Driving the growth was an effective retooling of its product, including the launch of its "Freedom" series of homes, which was helping the company better compete for first-time buyers against foreclosures.
One of the biggest indications of this move to ramp up operations was a rise in the number of units under construction. At quarter end, the company counted 10,900 units under construction. Tomnitz said management's target was to keep inventory at about half of forward-projected 12-months closings. However, executive vice president and treasurer Stacey Dwyer noted that the uptick in units under construction also was reflective of some seasonal order trends as well as the expiration of the federal $8,000 first-time home buyer tax credit at the end of November, which is expected to goose demand in the fall.
Analysts asked if the company would increase its spec production in the hopes of capturing some of that anticipated surge in demand for home in the days leading up to the tax credit expiration; specs currently account for 51% of the company's inventory. Tomnitz replied, "No, sir, we are comfortable with our spec levels."
In fact, during its fiscal third quarter, the company cleared a decent amount of its old--anything older than six months--spec inventory. With specs older than six months numbering about 1,000 units, Tomnitz said that's the lowest level of aged inventory the company's had since fiscal year 2007. And by reducing its older inventory, management expected margins to improve.

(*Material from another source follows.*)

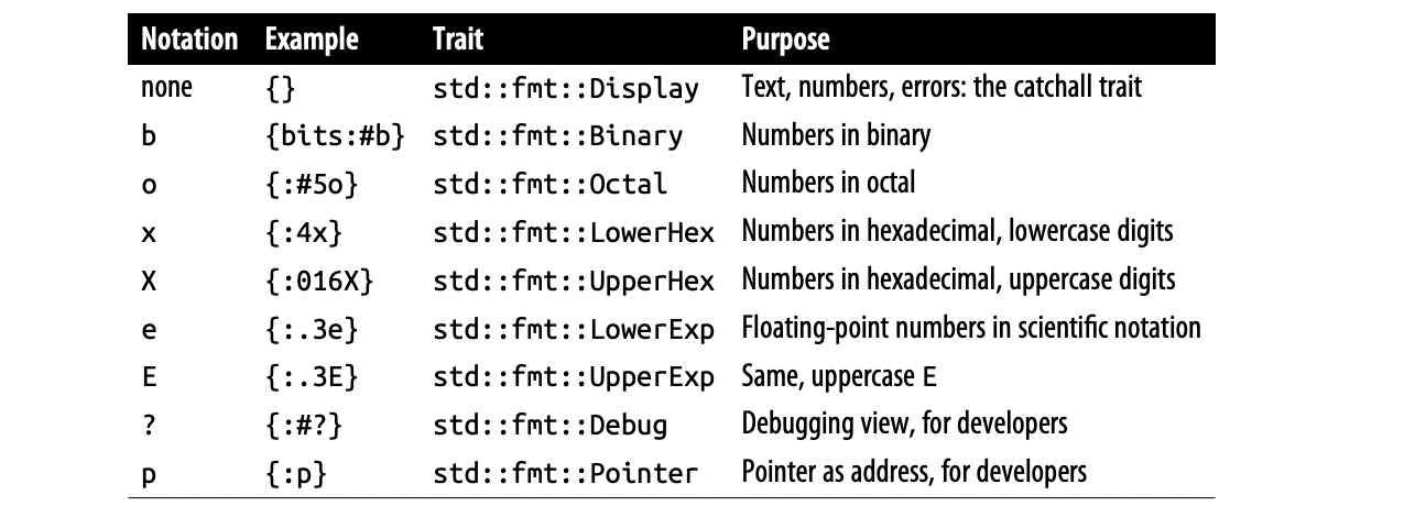 格式化宏实际上是 std::fmt 中定义的一系列宏,可以通过自己实现这些特征中的一个或多个来使 Rust 的格式化宏格式化自己的类型。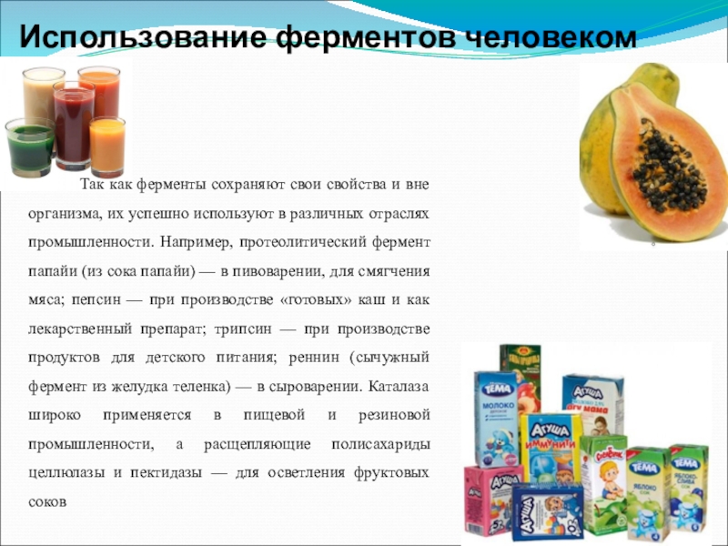 используют в различных отраслях промышленности. Например, протеолитический фермент папайи (из сока папайи) — в пивоварении, для смягчения мяса; пепсин — при производстве «готовых» каш и как лекарственный препарат; трипсин — при производстве продуктов для детского питания; реннин (сычужный фермент из желудка теленка) — в сыроварении. Каталаза широко применяется в пищевой и резиновой промышленности, а расщепляющие полисахариды целлюлазы и пектидазы — для осветления фруктовых соков

Tomnitz also said the company's net number of communities will be higher in 2010 than 2009, although he declined to divulge community count.
Although management intends to open more communities in the weeks and months ahead, it's following a conservative strategy to refill its land pipeline. Although the company had earmarked roughly $500 million for land acquisition and development for the year, management said it probably won't spend anywhere near that. To date, the company's spent roughly $225 million, mostly on finished lot acquisitions and takedowns.
Moreover, Tomnitz said management was most interested in lot option deals. During the quarter, the company grew its lots under option by roughly 1,000 from the previous quarter. By focusing on options, management hopes to be able replace lots on a just-in-time basis. "We aren't just going to bank lots for anyone any more," he said.
With all the talk about management accelerating the company's production and at the same time being cautious about spending on land and development, analysts questioned whether the company, with roughly $2 billion in cash on the balance sheet, was overcapitalized.
"Absolutely not," Tomnitz responded. "No one is going to intimidate us into thinking we have too much cash."
Noting that the company recently terminated its revolver, Tomnitz said the cash will need to be used to fuel its planned increase in units under construction, as well as strategic land plays. "We are funding 100% of our lot purchases and construction with cash," he said.